**Work instruction:** When you transcribe the listing that follows, keep every line exact and omit the pictures.

**Given information:**
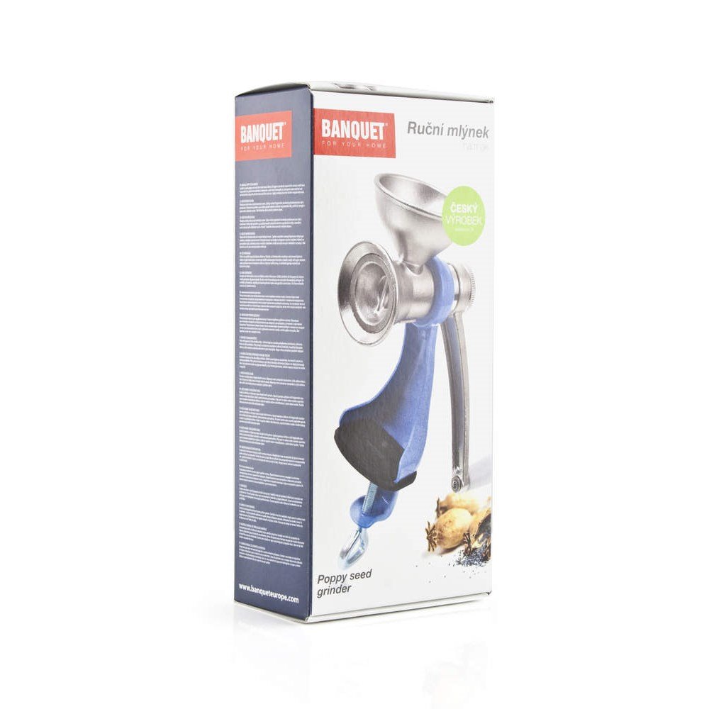 Chystáte se péct koláče? Pořiďte si praktický hliníkový mlýnek na mák značky Banquet. Těleso, drtící mechanismus a otočná klička jsou odolné díky provedení z nerezové oceli s povrchovou úpravou chemickým leštěním. Ostatní díly jsou vyrobené z plastu, pryže nebo hliníku a jsou povrchově upraveny pozinkovým nástřikem nebo práškovou barvou. Mlýnek pohodlně uchytíte na desku s tloušťkou do 32 mm.
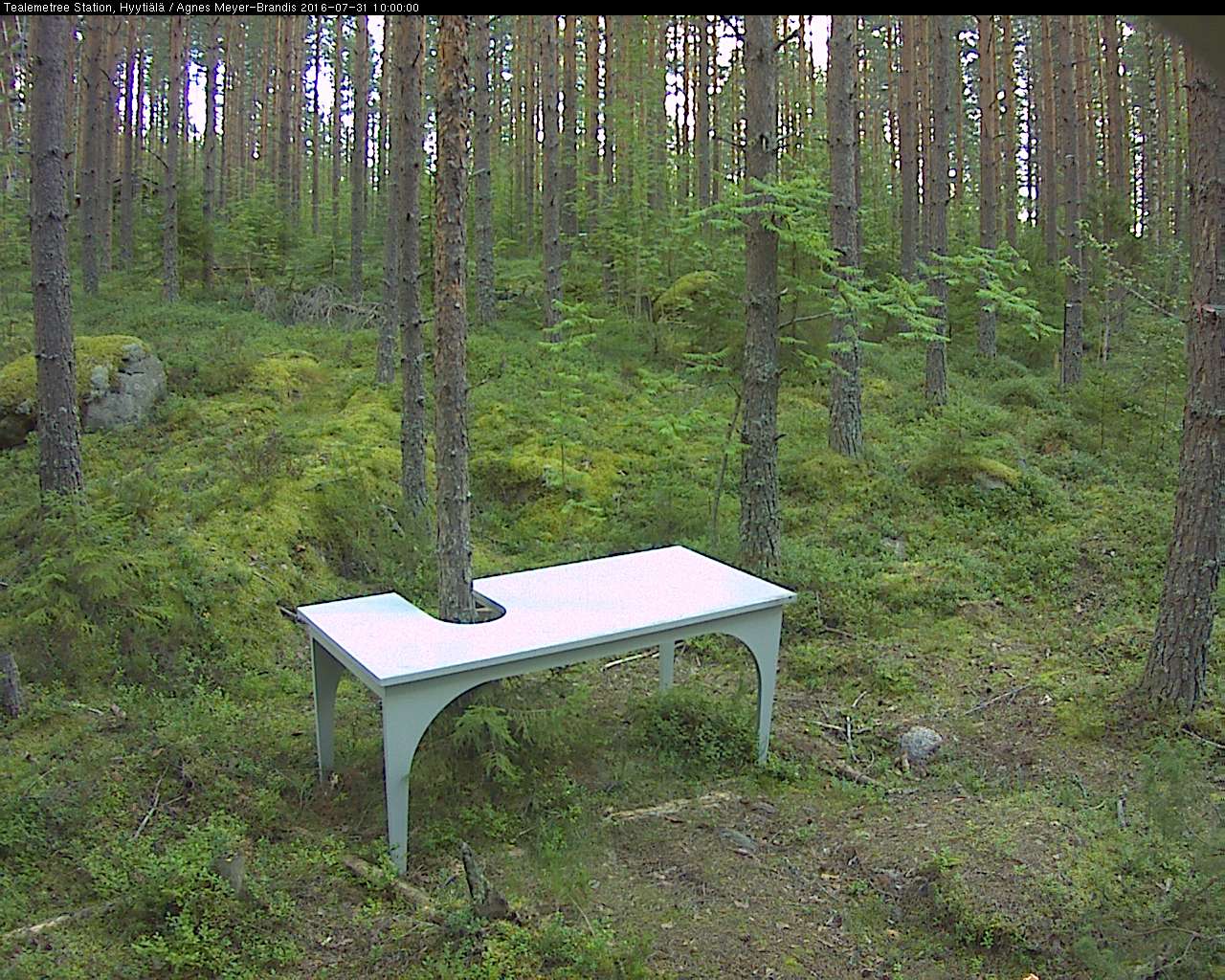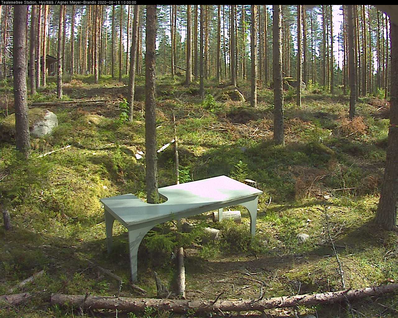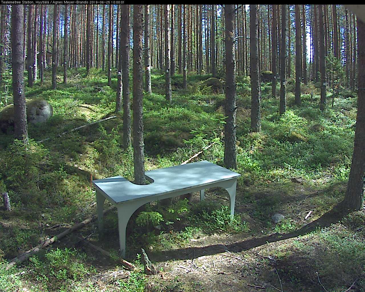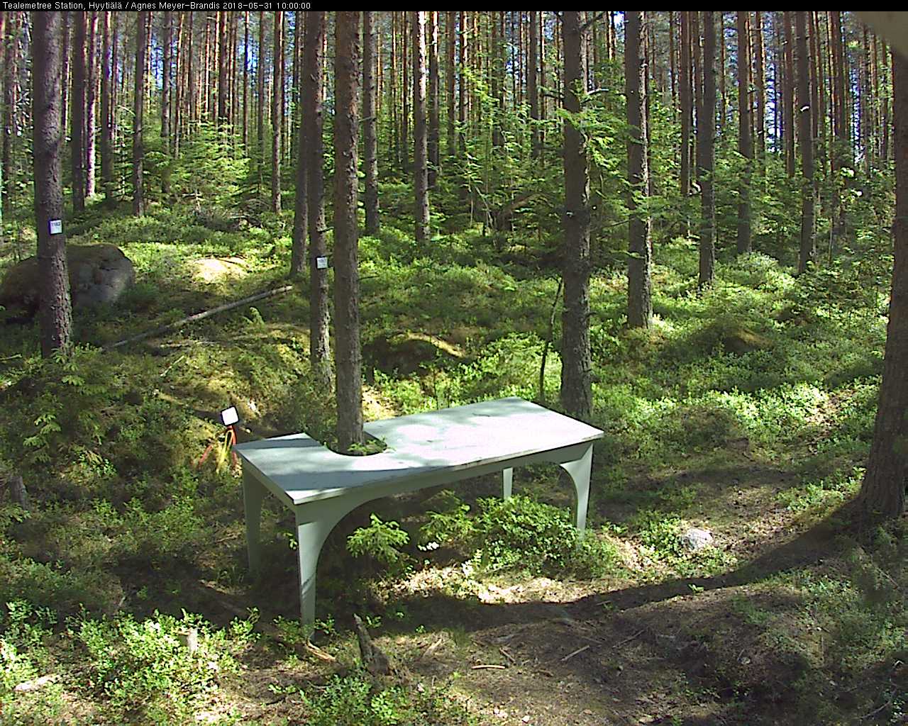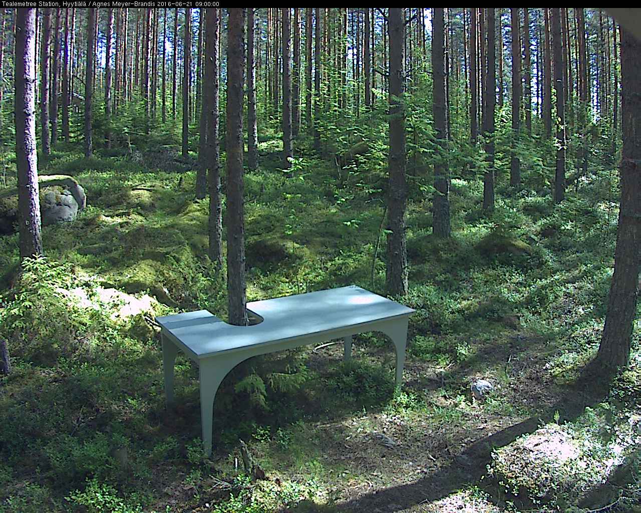 Agnes Meyer-Brandiksen työ Hyytiälässä alkoi tutustumalla aseman muihin tutkijoihin. Pystyäkseen tapaamaan ihmisiä metsässä, hän rakensi pöydän, josta muodostui kohtauspiste ja paikka teehetkille Agneksen ja puun kanssa.
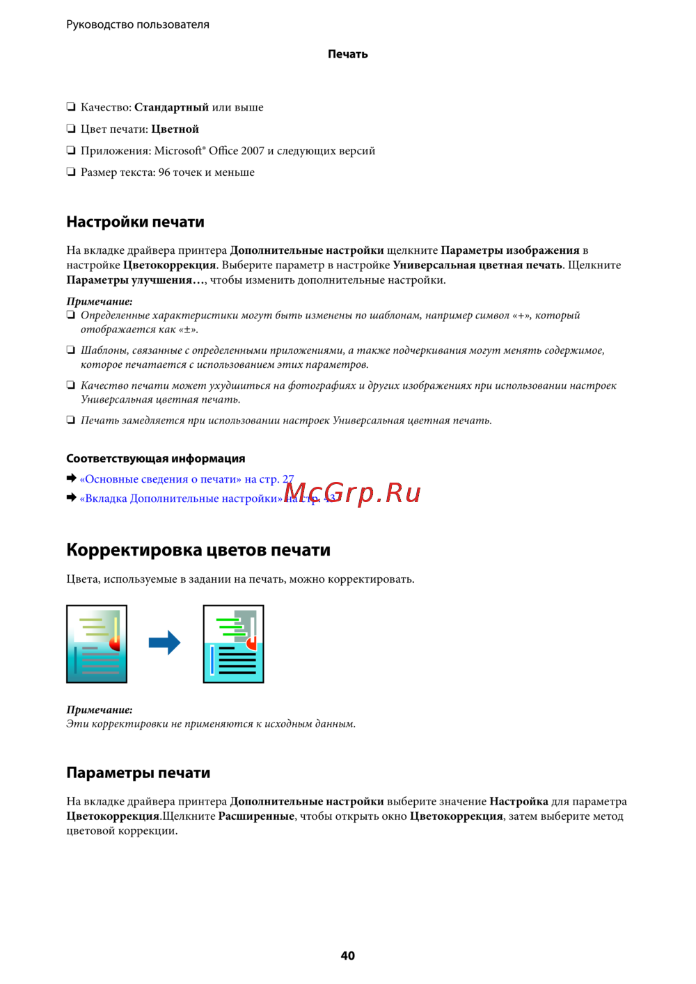 настройке Цветокоррекция. Выберите параметр в настройке Универсальная цветная печать. Щелкните

**Task solution:**
 Chystáte se péct koláče? Pořiďte si praktický hliníkový mlýnek na mák značky Banquet. Těleso, drtící mechanismus a otočná klička jsou odolné díky provedení z nerezové oceli s povrchovou úpravou chemickým leštěním. Ostatní díly jsou vyrobené z plastu, pryže nebo hliníku a jsou povrchově upraveny pozinkovým nástřikem nebo práškovou barvou. Mlýnek pohodlně uchytíte na desku s tloušťkou do 32 mm.
 Agnes Meyer-Brandiksen työ Hyytiälässä alkoi tutustumalla aseman muihin tutkijoihin. Pystyäkseen tapaamaan ihmisiä metsässä, hän rakensi pöydän, josta muodostui kohtauspiste ja paikka teehetkille Agneksen ja puun kanssa.
 настройке Цветокоррекция. Выберите параметр в настройке Универсальная цветная печать. Щелкните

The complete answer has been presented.